Il quitta Gazonal pour aller surveiller Régulus qui préparait une tête nouvellement arrivée. Il fit, en frappant la langue contre le palais, un bruit désapprobatif qui peut se traduire par : titt, titt, titt.
— Allons, bon Dieu ! ça n’est pas assez carré, votre coup de ciseaux fait des hachures... Tenez... voilà ! Régulus, il ne s’agit pas de tondre des caniches... c’est des hommes qui ont leur caractère, et si vous continuez à regarder le plafond au lieu de vous partager entre la glace et la face, vous déshonorerez ma maison.
— Vous êtes sévère, monsieur Marius.
— Je leur dois les secrets de l’art...
— C’est donc un art ? dit Gazonal.
Marius indigné regarda Gazonal dans la glace et s’arrêta, le peigne d’une main, les ciseaux de l’autre.
— Monsieur, vous en parlez comme un... enfant ! et cependant, à l’accent, vous paraissez être du Midi, le pays des hommes de génie.
— Oui, je sais qu’il faut une sorte de goût, répliqua Gazonal.

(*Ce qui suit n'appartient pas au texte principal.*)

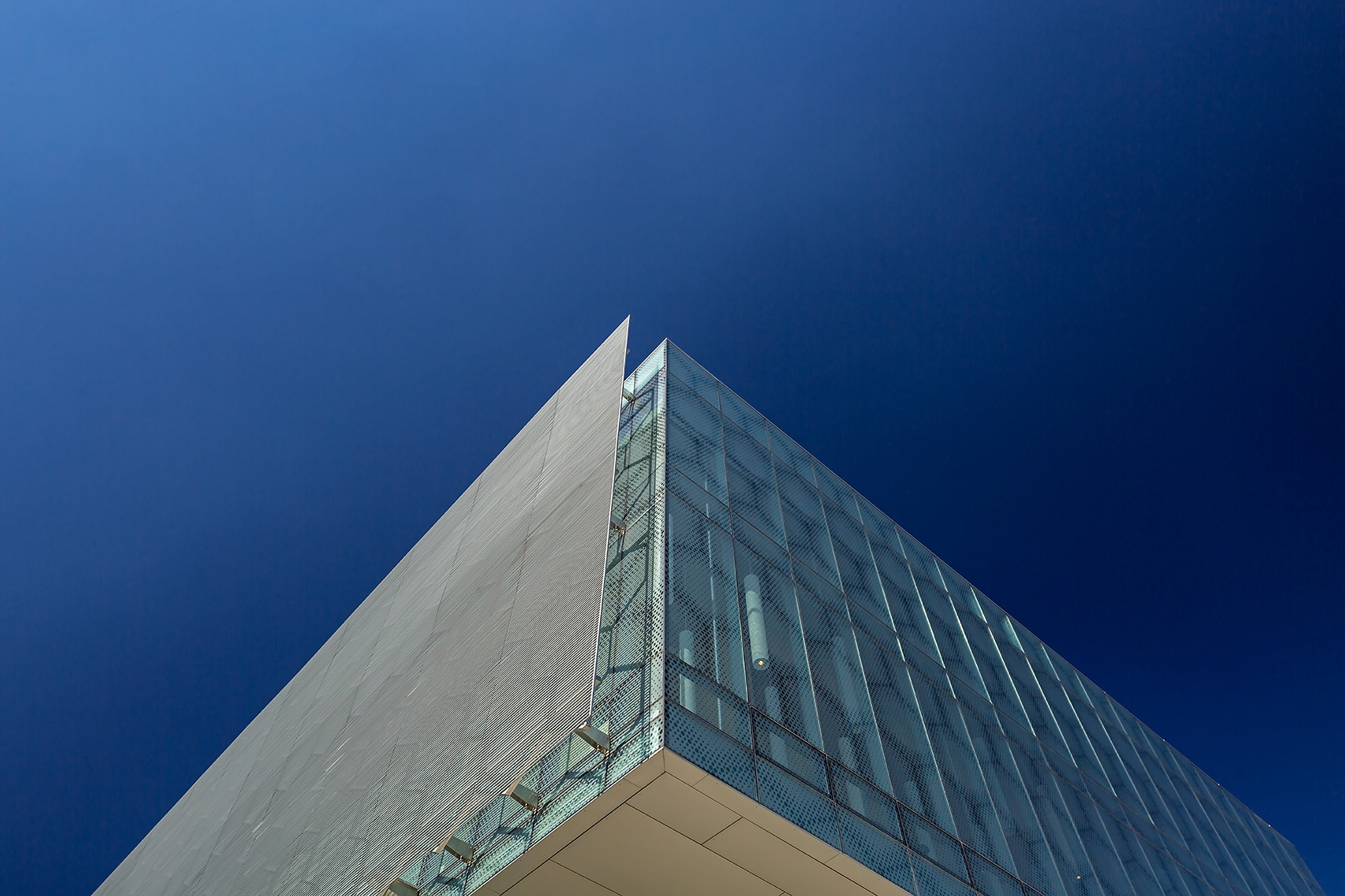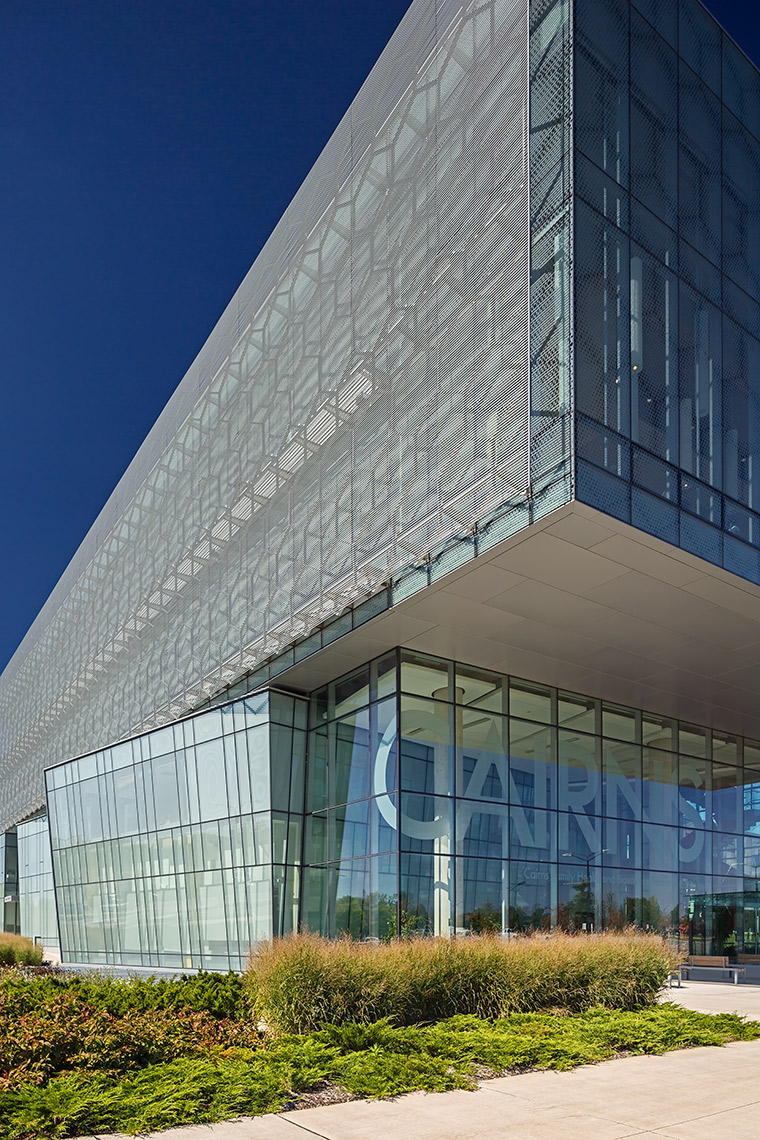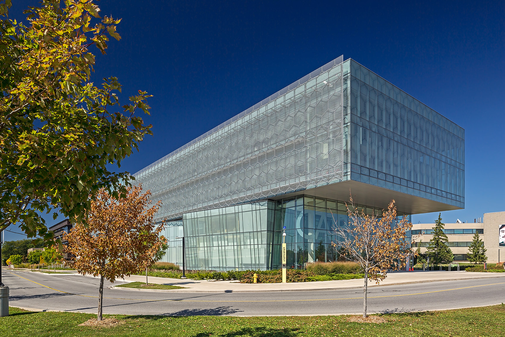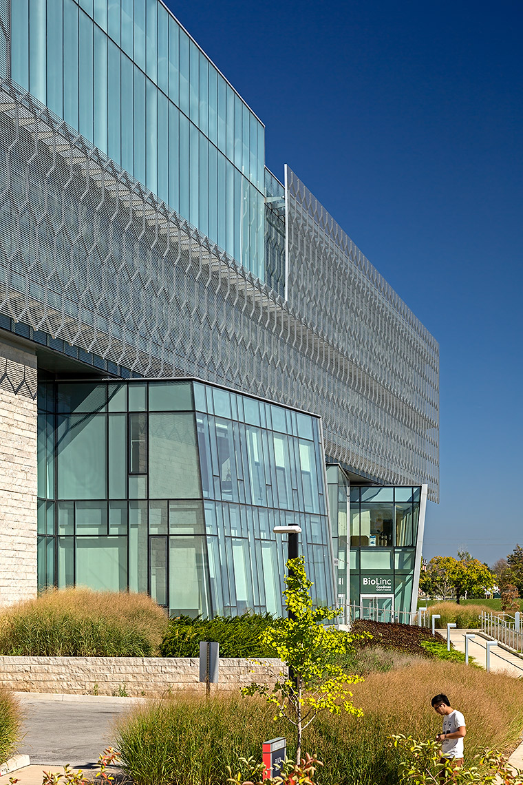The CFHBRC is a 4-storey facility that opened in 2012 and introduced new laboratories, research facilities, and office space. The complex achieved LEED® Silver accreditation with green design features that included construction waste diversion, a building-wide recycling system, and locally-specified building materials chosen for low VOC, low embodied energy, and recyclability. Fritted and sandblasted glass curtain wall elements articulate the different faces of the building, while an aluminum ‘honeycomb’ screen that wraps the south and west facades further mitigates passive solar gain. Our team worked in a design assist capacity on this project, and provided a custom screen complete with catwalk, motorized parallel operating windows, and a custom silkscreen pattern optimized for design intent.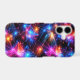 Vibrant neon abstract polygon shapes bursting with explosive sparks on a striking black background.
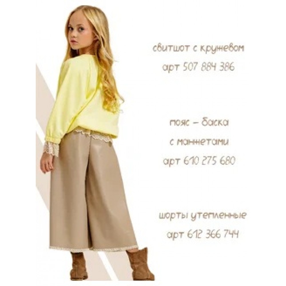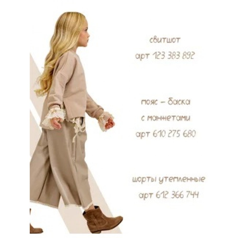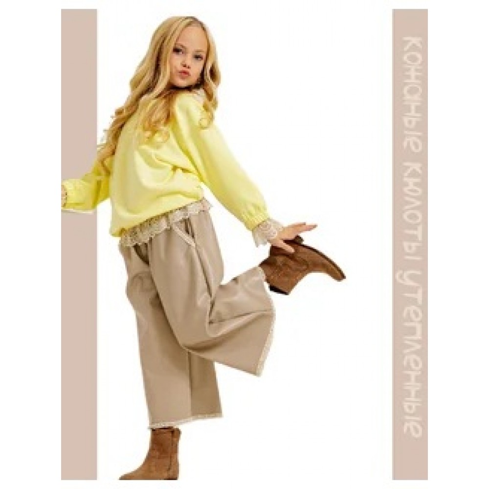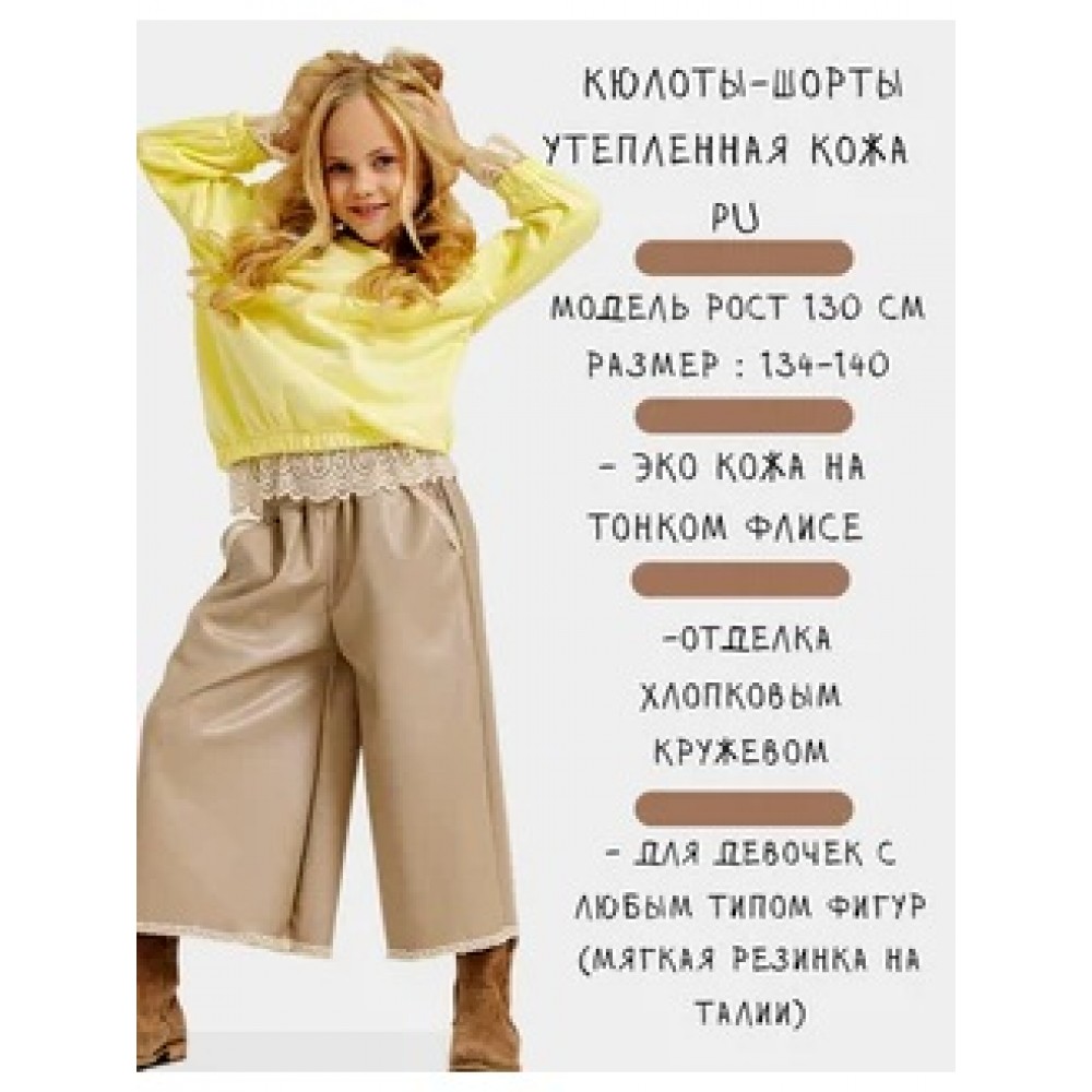 Шорты кюлоты утепленные кожаные. Цвет бежевый нейтральный
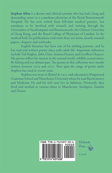 Stephen Allen is a doctor and clinical scientist, now semi-retired, who has had a long and demanding career as a consultant physician, and who has published more than 200 items, mostly research papers, chapters and textbooks. English literature has been one of his abiding passions, and he has read and written poetry since early adult life. His poems reflect his interest in the natural world, wildlife conservation, fly fishing and our distant past. The poems in this collection were mostly written between 2019 and 2022. They span the range of poetic styles Stephen has used in recent years. He and his wife live in Salisbury, in England's West Country, and many of the poems describe or are inspired by the landscapes of the region.
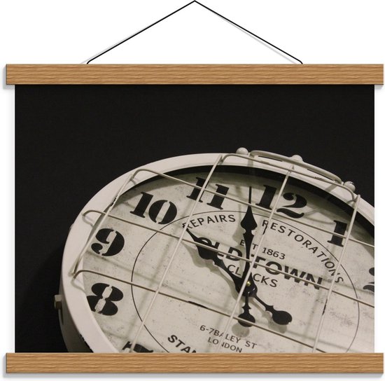 Schoolplaat – Witte Klok met Zwarte Cijfers - 40x30cm Foto op Textielposter (Wanddecoratie op Schoolplaat)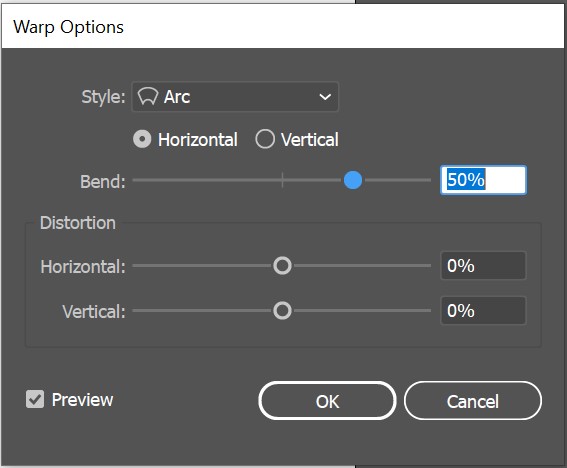 Step 2: Set your desired warp options, including style, horizontal or vertical application, bend amount, and distortion. (The picture below shows the preview of how text looks under different wrap styles)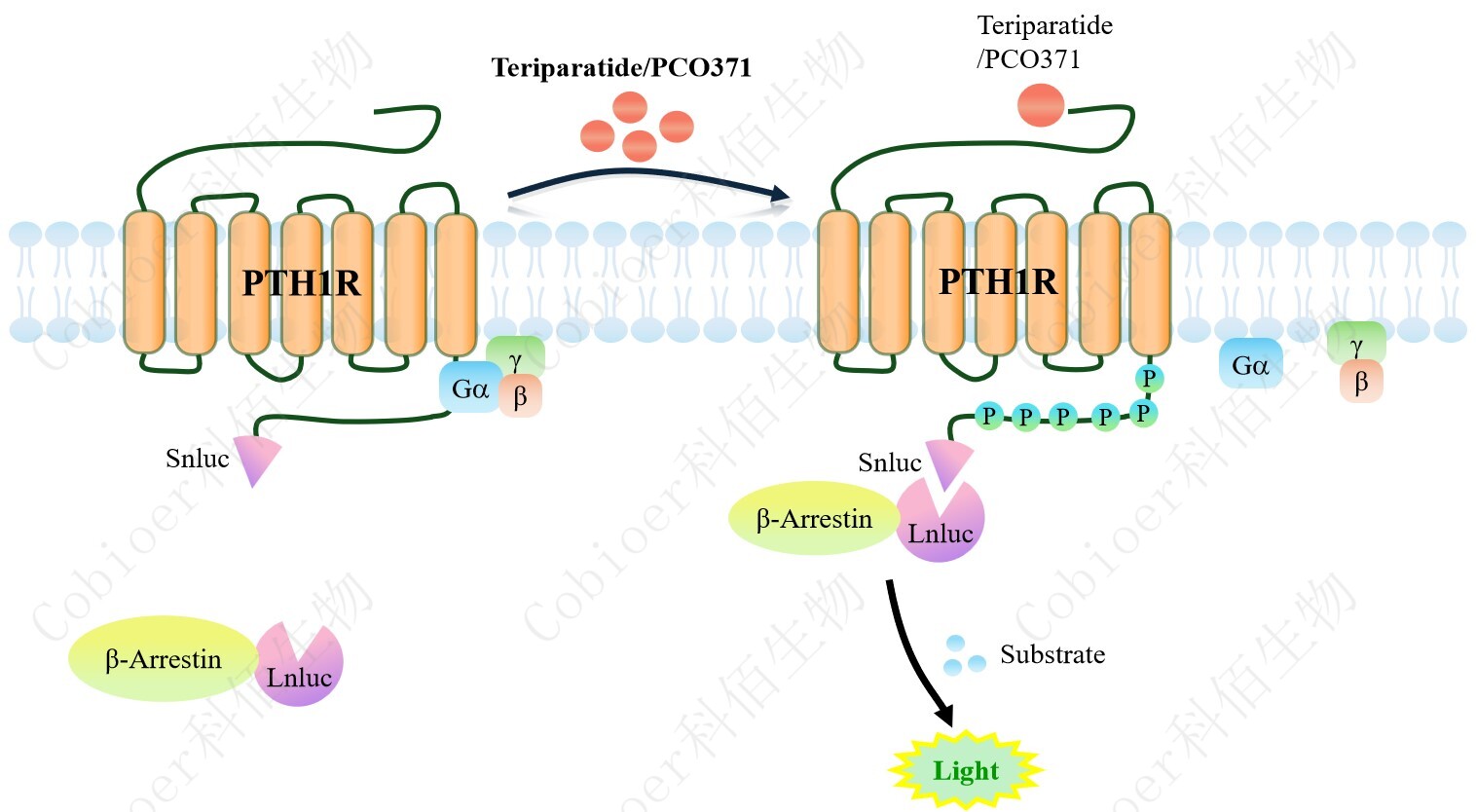 PTH1R β-Arrestin CHO PTH1R β-Arrestin CHO 報告基因藥靶模型很好的模擬了體內(nèi) PTH1R/β-Arrestin 的信號 轉(zhuǎn)導(dǎo)過程,原理見下圖所示。當缺乏配體刺激時,β-Arrestin 不與 PTH1R 結(jié)合,融合β- Arrestin 的熒光素酶處于失活構(gòu)象,當 PTH1R 遭遇配體刺激時,融合熒光素酶報告基因的 β-Arrestin 被招募,使熒光素酶報告基因處于激活狀態(tài),加入其底物后發(fā)光信號增強。 ![]() Figure 1. PTH1R β-Arrestin CHO 細胞模型原理圖 |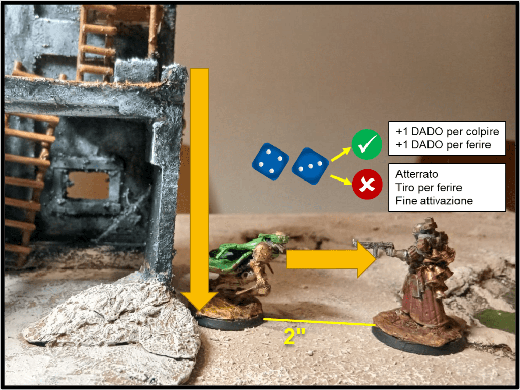 3) Nel turno successivo, l’Assassino vuole tornare al livello del suolo. Potrebbe scegliere di eseguire un’AZIONE RISCHIOSA per arrampicarsi verso il basso, ma sarebbe troppo lenta e, in caso di fallimento, sarebbe costretto a restare in cima all’edificio, per cui decide di saltare giù: in questo modo la distanza verticale non conterebbe nel movimento totale del modello. Tuttavia, poiché cade da un’altezza superiore ai 3″, è necessario un Tiro per Ferire, a cui si applica un modificatore di +1 DADO ( caduta di 3″ o più, ma meno di 6″) Il giocatore ottiene un 7, -1 per l’Armatura Standard indossata dall’Assassino diventa un 6: Ferita Minore!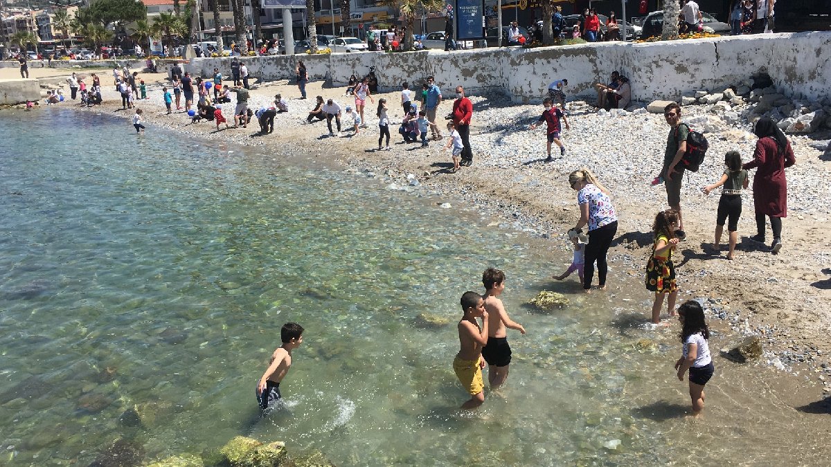 Muğla'nın Marmaris ilçesinde ise sokak, park, oyun bahçelerinin yanı sıra plajlar da yoğunlaştı. Özellikle sahil şeridinde oynayan çocuklar emniyet güçlerini de zor durumda bıraktı. Bölgede devriye gezen emniyet güçleri sahilde sık sık sosyal mesafeyi koruma anonsları yaptı.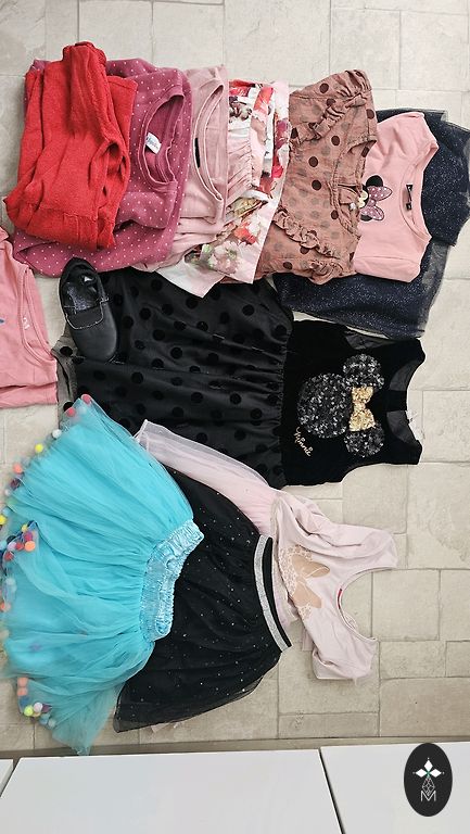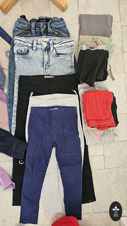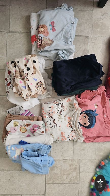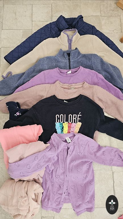 Kõik 110. suuruses Sinsay, Pepco, H&M. Ilma plekkide ja aukudeta. Mõnel riidel pole enam nii ere värv.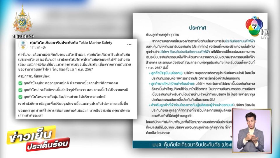 ข่าวเย็นประเด็นร้อน - บริษัท โตเกียวมารีน ชี้แจงดรามา หลังมีข่าวไม่รับประกันภัยรถยนต์ไฟฟ้า เริ่มวันแรก ตั้งแต่เมื่อวาน ยืนยันยังรับประกันภัยตามปกติ แต่แค่เปลี่ยนแปลงแนวทางเท่านั้น

— Mais taisez-vous donc, monsieur, j’attendais mieux de vous. C’est-à-dire qu’un coiffeur, je ne dis pas un bon coiffeur, car on est ou l’on n’est pas coiffeur.... un coiffeur.... c’est plus difficile à trouver.... que... qu’est-ce que je dirai bien ?... qu’un... je ne sais pas quoi... un ministre... (restez en place) non, car on ne peut pas juger de la valeur d’un ministre, les rues sont pleines de ministres... un Paganini... non, ce n’est pas assez ! Un coiffeur, monsieur, un homme qui devine votre âme et vos habitudes, afin de vous coiffer à votre physionomie, il lui faut ce qui constitue un philosophe. Et les femmes donc !... Tenez, les femmes nous apprécient, elles savent ce que nous valons... nous valons la conquête qu’elles veulent faire le jour où elles se font coiffer pour remporter un triomphe... c’est-à-dire qu’un coiffeur... On ne sait pas ce que c’est. Tenez, moi qui vous parle, je suis à peu près ce qu’on peut trouver de... sans me vanter, on me connaît... Eh ! bien, non, je trouve qu’il doit y avoir mieux...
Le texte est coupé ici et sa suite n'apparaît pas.